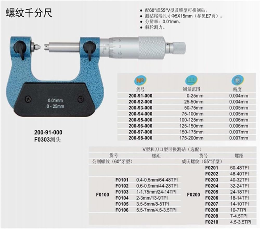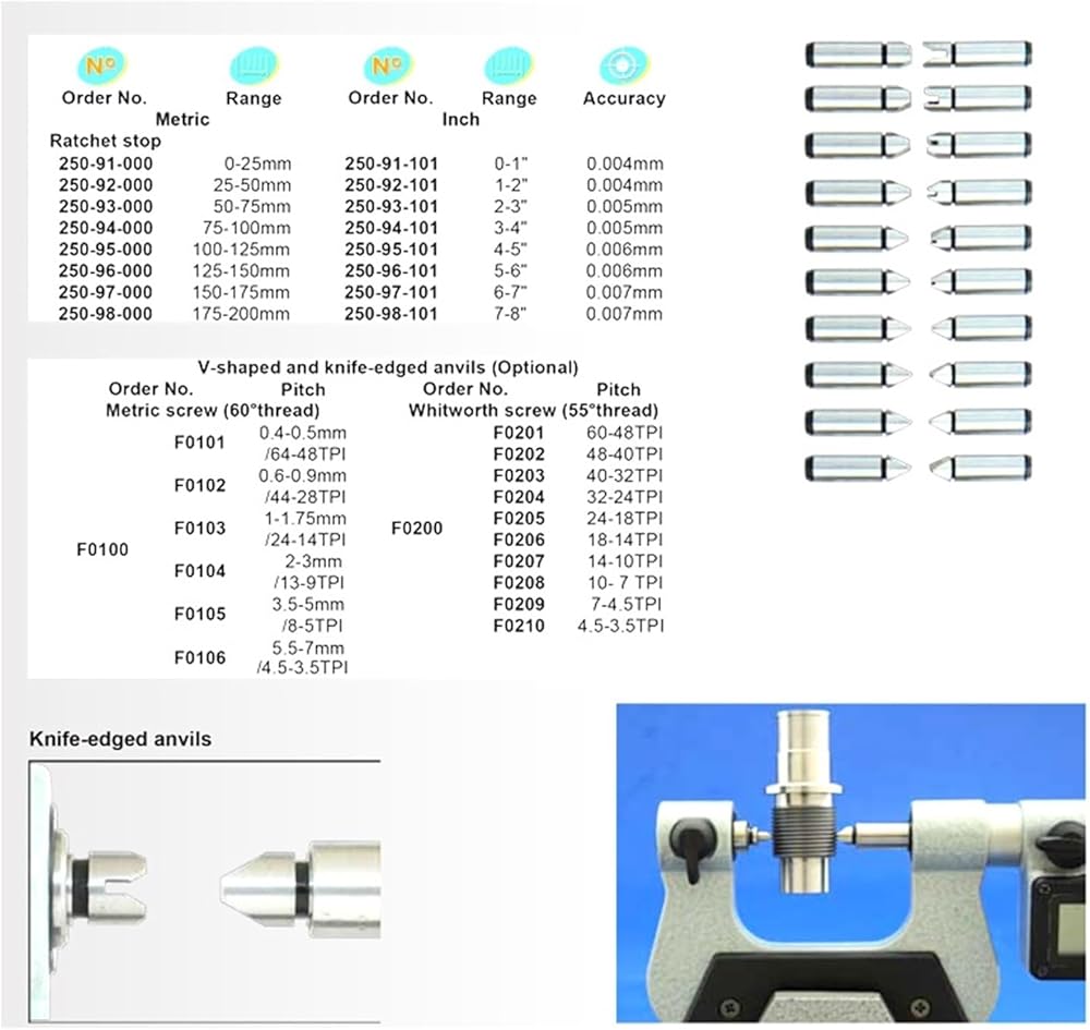 Metric measuring head 6pairs for Digital Screw Thread Micrometers
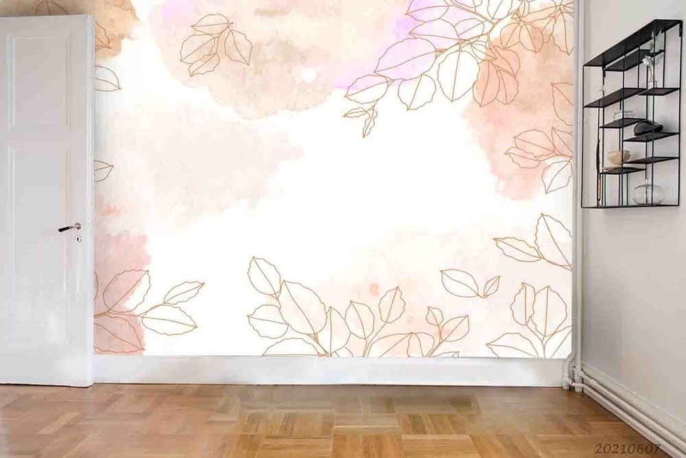 $ 15.013D Green Gold Plants Leaves Watercolor Wall Murals Wallpaper Murals Wall Sticker
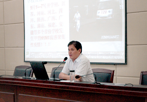 校党委委员、副院长时新中发表重要讲话,他指出今年秋季以来,全国甲型H1N1流感发病率急剧上升,在安徽省内已经有三所高校发现疫情,beat365官网防控形势也不容乐观。为了学校的安全稳定、和谐发展,为了师生员工的身体健康,今天举办防控甲型H1N1流感培训会,目的是通过对甲型H1N1流感知识的讲解,增强大家对甲型H1N1流感知识的认识,并通过与会同志对学生的宣传,使广大学生了解甲型H1N1流感知识,提高广大学生防控甲型H1N1流感的能力。时新中副院长对beat365官网防控甲型H1N1流感提出七点要求:一要高度重视,增强责任意识。各院系要把甲型H1N1流感防控工作当作重大政治任务来落实,采取有力措施,打好甲型H1N1流感防控阻击战,尽最大努力不让甲型H1N1流感进校园。二要加强宣传教育。各班级在开学初和新生报到后要全面上一堂卫生健康防疫知识课,充分发挥墙报、网络、飞信和手机信息的作用,将甲型H1N1流感防控知识温馨提示学生,提醒学生注意个人卫生,做好防范工作。三要坚决落实学生晨检制度、因病缺勤登记追踪制度和报告制度,做好记录备案,发现问题各班级卫生员要及时报告辅导员和校医院。四要深入开展爱国卫生运动。各院系要结合新生报到时期,立即组织学生清扫寝室、教室卫生,经常开窗、通风、换气,清扫好卫生死角。五要认真做好新生报到和军训期间的防控工作。beat365官网新生将于10—11号报到,12—22日军训,新生报到和军训期间是甲型H1N1流感重点防控阶段,各院系一定要高度重视这个阶段的防控工作,在学生报到时主动询问有无发热等症状,如出现发烧、咳嗽、咽痛等流感样症状的学生,不得参加军训。六要根据学校防控甲型H1N1流感工作预案和工作方案,提前介入、提前做好准备,防患于未然。七要注意工作方式方法。防控甲型H1N1流感,既不能掉以轻心,也不要引起恐慌,科学做好防控,在保护好师生健康的同时维护好校园的安全稳定。
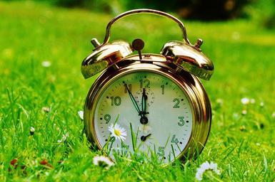Keywords: the eleventh hour disaster alarm clock clock ring the bell dial pointer hours time indicating time of time meadow flowers green
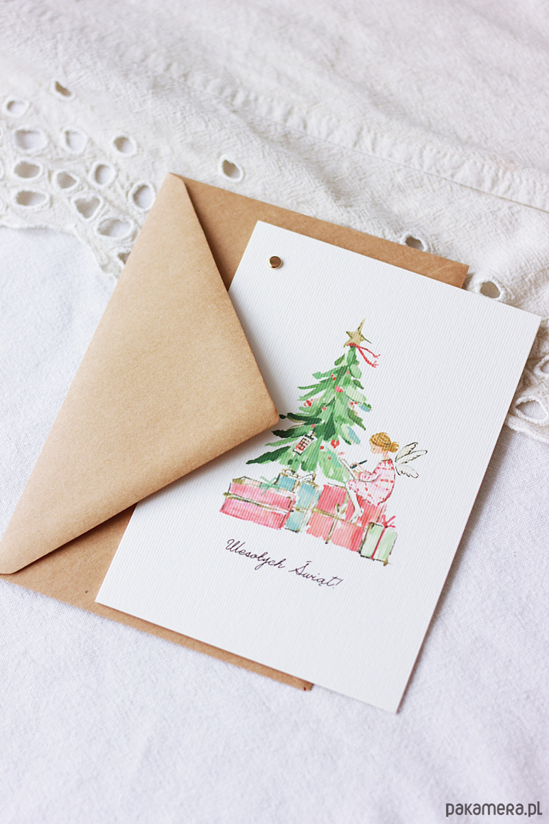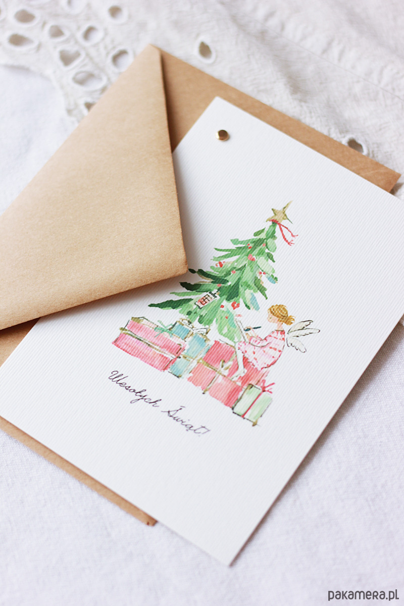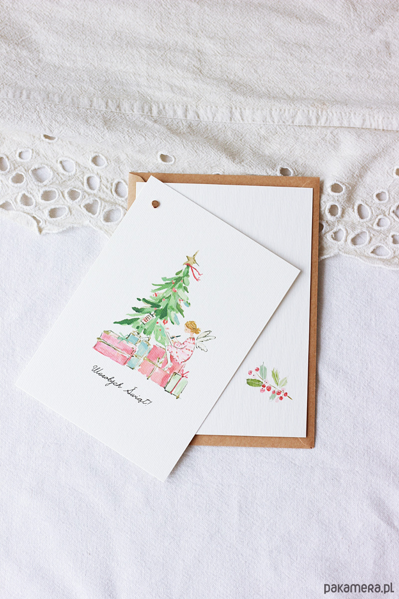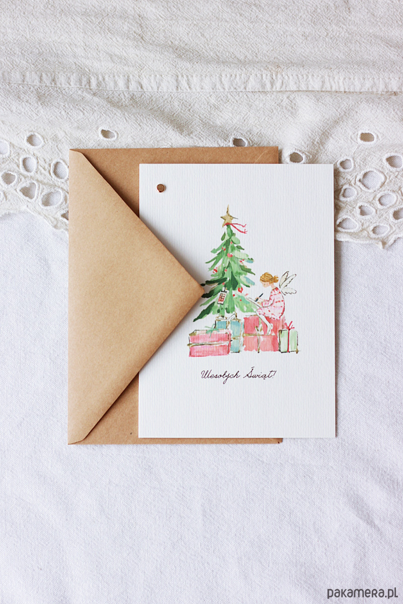 Delikatna kartka świąteczna z motywem choinki i wróżki. Prosta i elegancka.
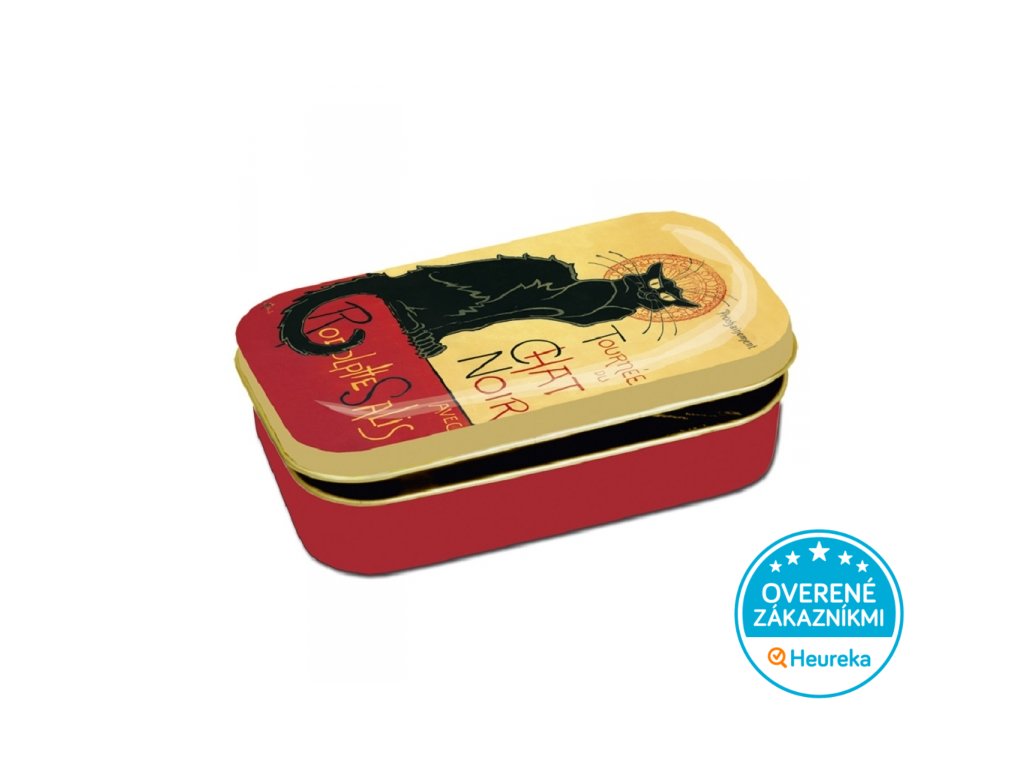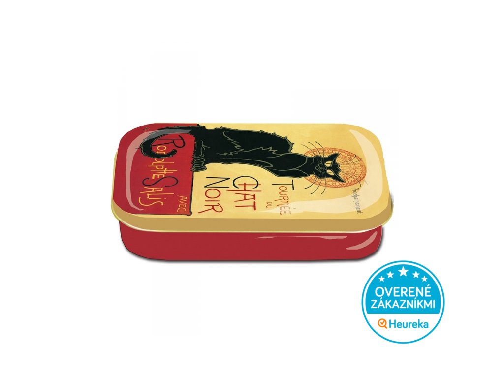 Plechová dóza s motívom legendárnehofrancúzskeho kabaretu Le Chat noir . Super na cukríky, lieky alebo napríklad ako KPZ. Tá niečo vydrží a čierny kocúr dohliadne, aby sa obsah nikam nestratil. Rozmer 9,5 x 6 x 2,7 cm.
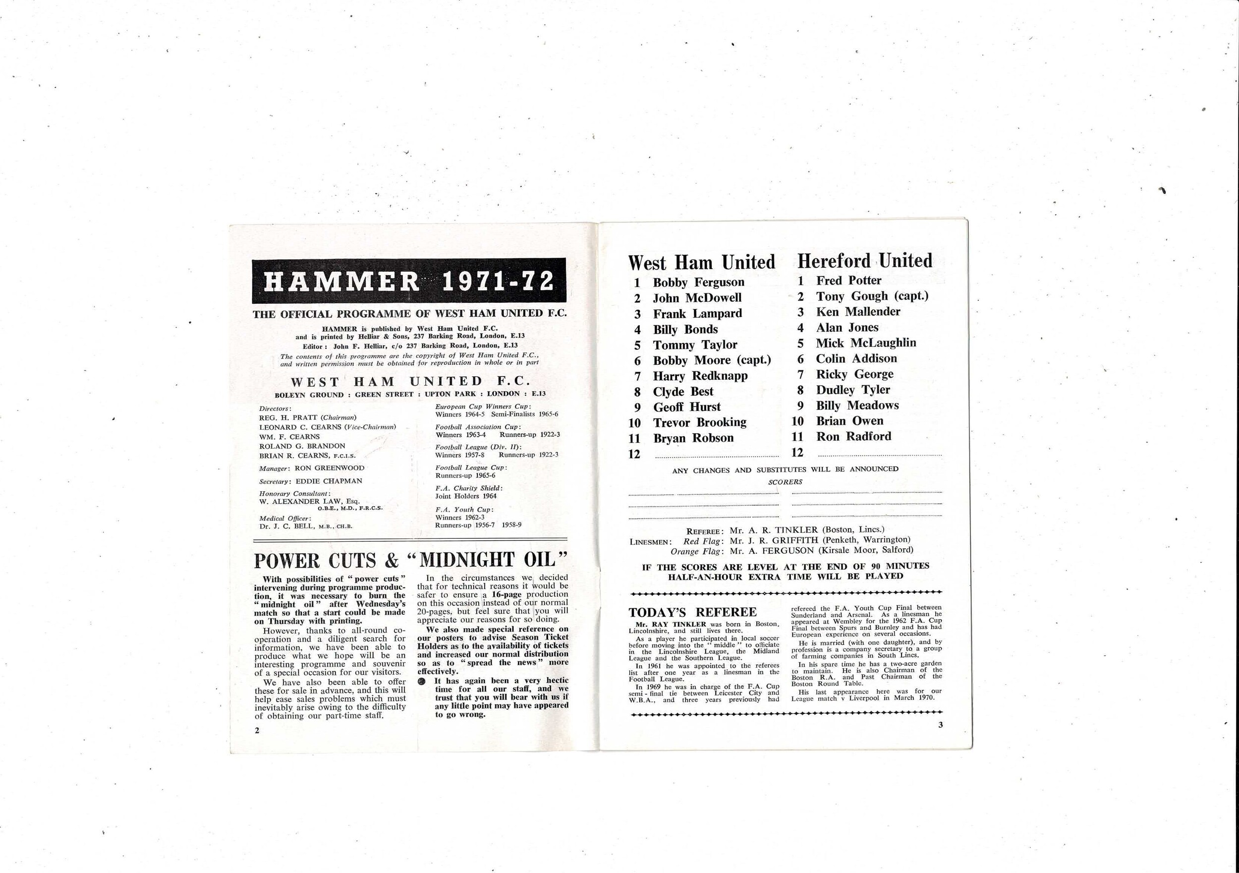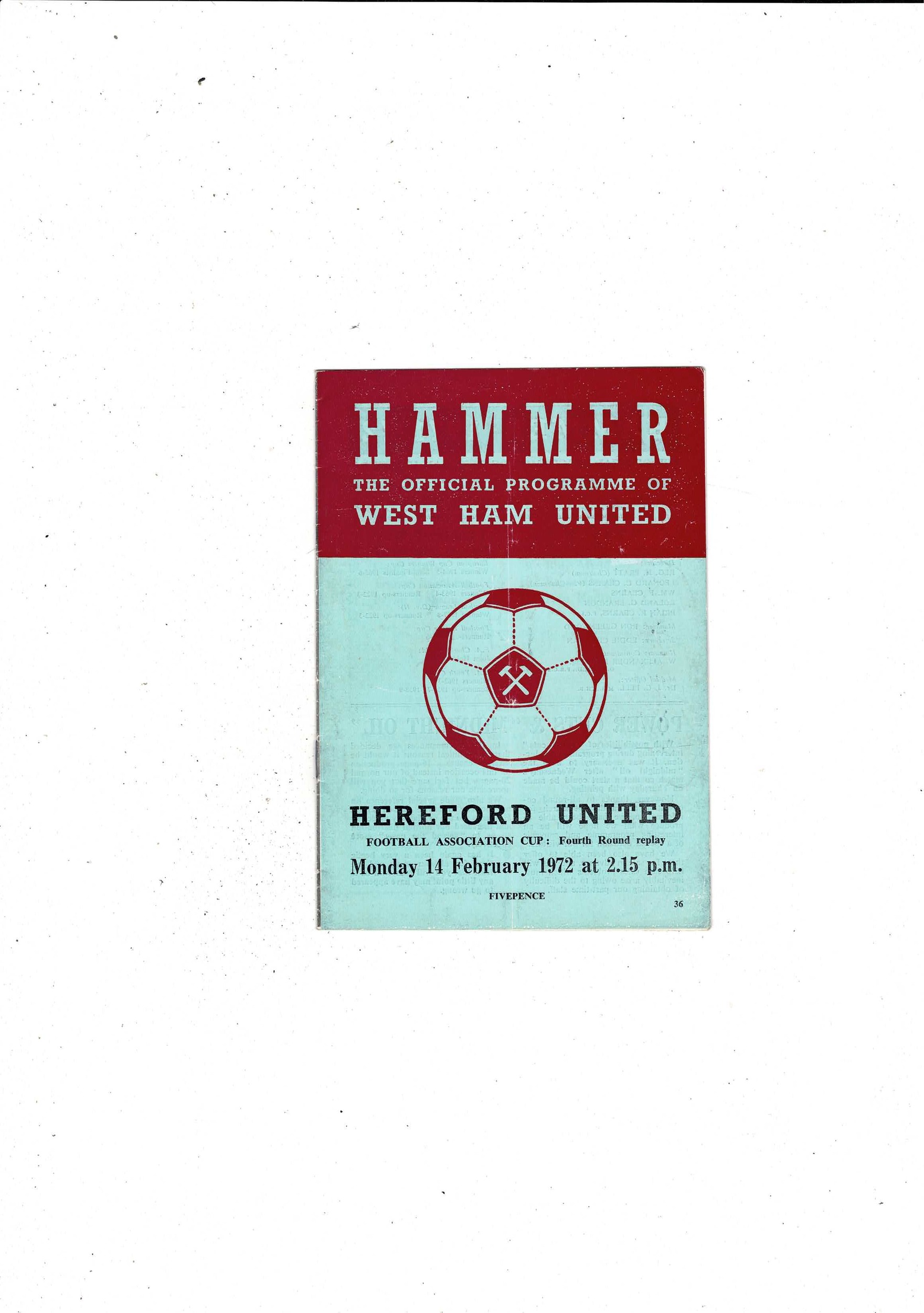 West Ham United v Hereford United FA Cup Replay Football Programme 1971/72
########################################
DIRECTIONS: Please reproduce nothing but the lines from the one containing "Plechová dóza s" through the closing line of the listing, retyped word for word, pictures excluded.

ANSWER TO THE EXERCISE:
 Plechová dóza s motívom legendárnehofrancúzskeho kabaretu Le Chat noir . Super na cukríky, lieky alebo napríklad ako KPZ. Tá niečo vydrží a čierny kocúr dohliadne, aby sa obsah nikam nestratil. Rozmer 9,5 x 6 x 2,7 cm.
 West Ham United v Hereford United FA Cup Replay Football Programme 1971/72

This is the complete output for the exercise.